Don't skip goblet squats: Find out what makes this squat variation stand out and how to pull them off with perfect form.

By Renee CherryApril 29, 2024


Given the squat’s reputation as a foundational exercise, and more specifically, a functional strength training move, it’s only natural that it’s inspired spin-offs to challenge your muscles further. Goblet squats, one of the most popular variations of the exercise, has become a classic in its own right.

As with other riffs on the squat, goblet squats fire up major muscles of your lower body, but there’s more to the story. This comprehensive guide to the goblet squat will cover the muscles it works, form tips, and how to effectively add goblet squats to your workouts.

What Is a Goblet Squat and What Muscles Do Goblet Squats Work?

The goblet squat’s key differentiating factor from regular bodyweight squats is the addition of an external load. Throughout the movement, you hold a weight in front of your chest, similar to how you might theoretically support the liquid-bearing portion of an oversized goblet. 

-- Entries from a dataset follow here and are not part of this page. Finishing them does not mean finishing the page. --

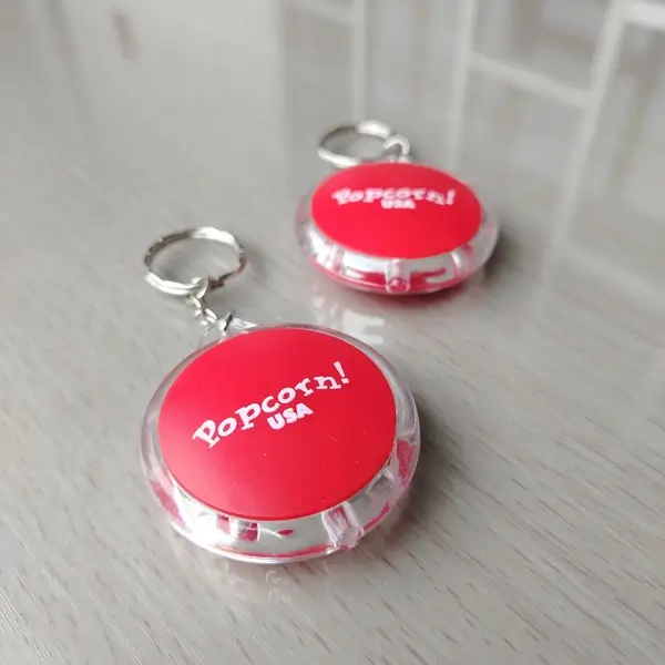 El llavero redondo linterna La Comarka combina practicidad y estilo en un solo accesorio. Con un diámetro de 5 cm, está elaborado en plástico resistente e incorpora una luz LED integrada, ideal para el uso diario o como obsequio empresarial.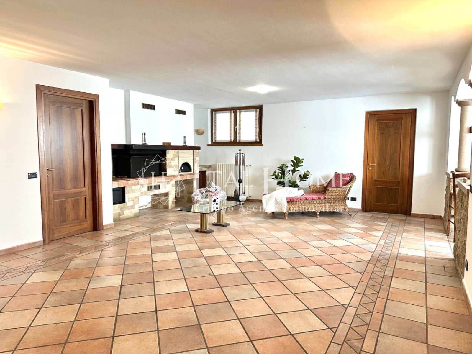 Piano seminterrato: Taverna a giorno completamente rifinita in ogni dettaglio e studiata da noto architetto, cucina in muratura, camino funzionante a legno, stufa di design, forno per pizza, e grande soggiorno, ideale per pranzi, cene conviviali e famiglie numerose, bagno, lavanderia/stireria, locale tecnico/impianti, ed intercapedine che circonda tutta la villa.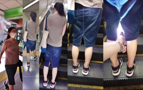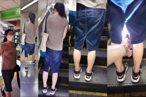 スカート内を撮影する瞬間をとらえた、決定的瞬間の映像です。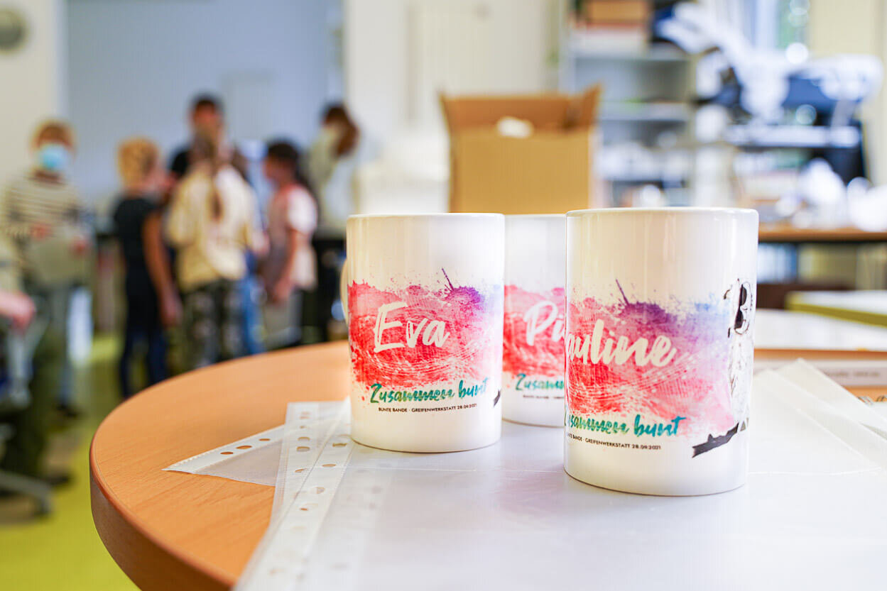 Durch die Zusammenarbeit der vormals separaten Arbeitsbereiche stehen nun die Türen offen für frische Ansätze, gemäß dem Motto „Auf zu neuen Ufern!“ Verschiedenste Angebote aus dem Druck- und Grafikbereich laufen hier zusammen und geben neuen, kreativen Ideen viel Raum zur Entwicklung. Neben Gestaltungs- und Illustrationsaufträgen werden auch Shirts, Beutel, Tassen und Vieles mehr bedruckt, Schriftstücke weiterverarbeitet und Serienbriefe erstellt.

While you may associate squats with lower body gains, the goblet squat is a full-body exercise. As with other squats, “goblet squats work muscles such as your quads, your calves, your glutes, and your core,” says Peloton instructor Bradley Rose

The benefits of adding goblet squats to your routine go beyond muscle growth. “The compound movement not only targets a variety of muscle groups but also offers a safe and effective way to enhance overall strength and mobility,” says doctor of physical therapy and certified strength and conditioning specialist Matt Casturo, DPT, CSCS. Each element plays a role in the well-rounded fitness routine.

Benefits of Goblet Squats

Even if you’re already versed in the benefits of squats, maybe you’re curious about the advantages of goblet squats in particular. Below, a summary of the main benefits of the exercise.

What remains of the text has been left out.